She looked around the room, twisting at the waist to see for herself. She had a figure made for that kind of movement. Her eyes lit on a burlap curtain that hung over a doorway.

“Where’s that go?” she asked.

“My back room,” I said. Then it came to me. “You must be talking about the Messenger of the Divine.”

“Oh yes. Yes.”

The hope in her voice brought me up out of my chair. She moved toward me. Her hands reached out for me.

“They had a place look like mine down the street,” I said. “But they moved out. Must be two months ago now.”

“What?” Her face went blank.

“Moved,” I said. “Went away.”

“Where?”

“I don’t know. They moved out in the middle of the night. Took everything. All that was left was an empty space and a few paper fans.”

I was sad to make my little report because now there was no reason for her to stay and twist around. I realized that I had spent a little too much time lately wrapped up in books. I had the notion that I should go out to the Parisian Room that night.

Just then the young woman leaned backward and then crumpled forward, into my arms.
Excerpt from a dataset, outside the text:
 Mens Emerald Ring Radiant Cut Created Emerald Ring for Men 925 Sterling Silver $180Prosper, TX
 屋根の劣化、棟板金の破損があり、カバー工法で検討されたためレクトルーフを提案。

As I stood there holding her steady, the fear fled my heart. At close quarters her scent was floral, but it was also sharp, like the smell after lightning strikes.
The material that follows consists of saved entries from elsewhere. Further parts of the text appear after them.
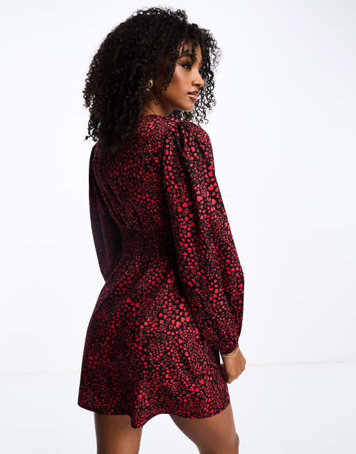 Wednesday s Girl Vestito corto rosso e nero con maniche a palloncino e stampa di cuori Very well made.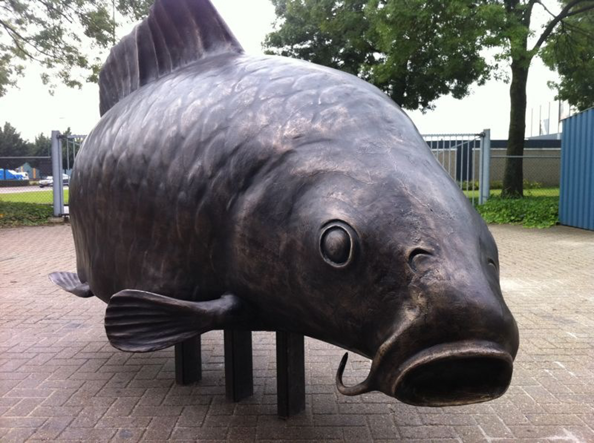 Elke stad heeft eigen verhalen. Kampen heeft zo al zijn eigen ‘ kamper steur ‘, maar in deze kleine fabel speelt de karper een hoofdrol. Een karper die de stilte van de onderwaterwereld verruild heeft voor het vrolijke rumoer van spelende kinderen in de buurt. Alsof hij ook wel eens wil voelen hoe het is om op een luchtmatras een keer boven het water te zijn. Of is het gewoon een treetje eieren waarop hij lijkt te broeden. Hoe dan ook, met zijn gouden gloed ligt hij hier in stilte te mijmeren. Pronkend op zijn bed, zijn eigen gecapitonneerde divan, als een prijsvis op een kussen. Deze karper, de burgemeester van de kreek, een beetje dikkig kunnen ze zijn, maar steeds statig en majestueus. Niet voor niets geliefd bij menig sportvisser. Die altijd hun vangst liefkozend in de armen nemen, op de foto zetten en dan voorzichtig als een pasgeboren baby weer in het water laten glijden, daar waar hij hoort. En al ligt deze vis op het droge, dit beeld ademt van rust en eigenheid. Dit is een vis die ten alle tijden zichzelf blijft.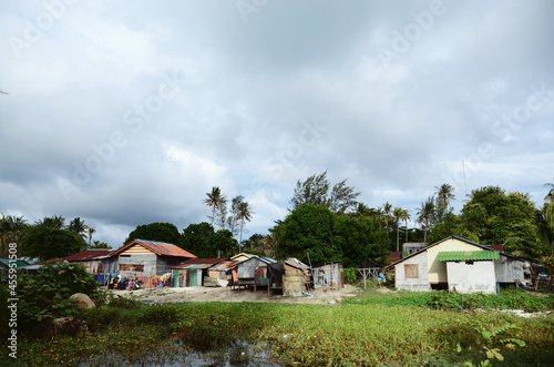 THAILAND, BANGKOK: Scenic landscape view of isolated Thai island with palms and traditional houses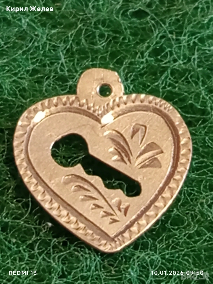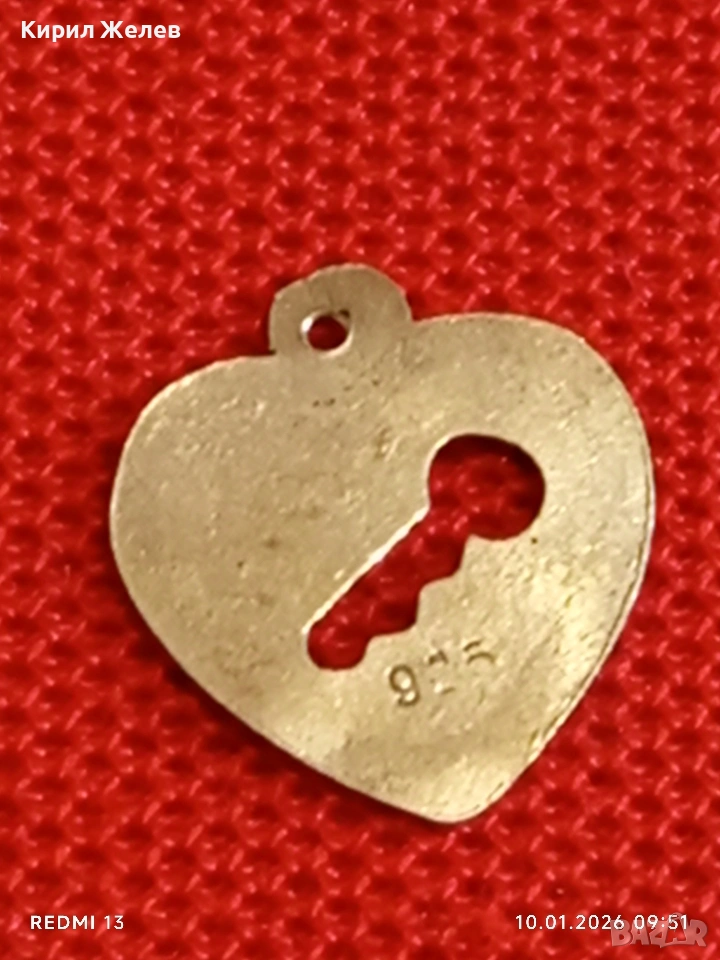 Сребърен медальон във формата на сърце ❤️ с апликация на ключ романтичен подарък 52648

“You got some water in the back?” she whispered.

I nodded and led her through the heavy burlap curtain to the back room and put her on my cot. She was mumbling and crying.

“Are you okay?” I asked, perching next to her.

“Where did they go?”

I couldn’t find the words to hurt her again.

“What am I gonna do?” she cried, turning her head, looking around in the dark as if the room might somehow transform itself into the church she sought. “Reverend Grove is the only one who can help me now.”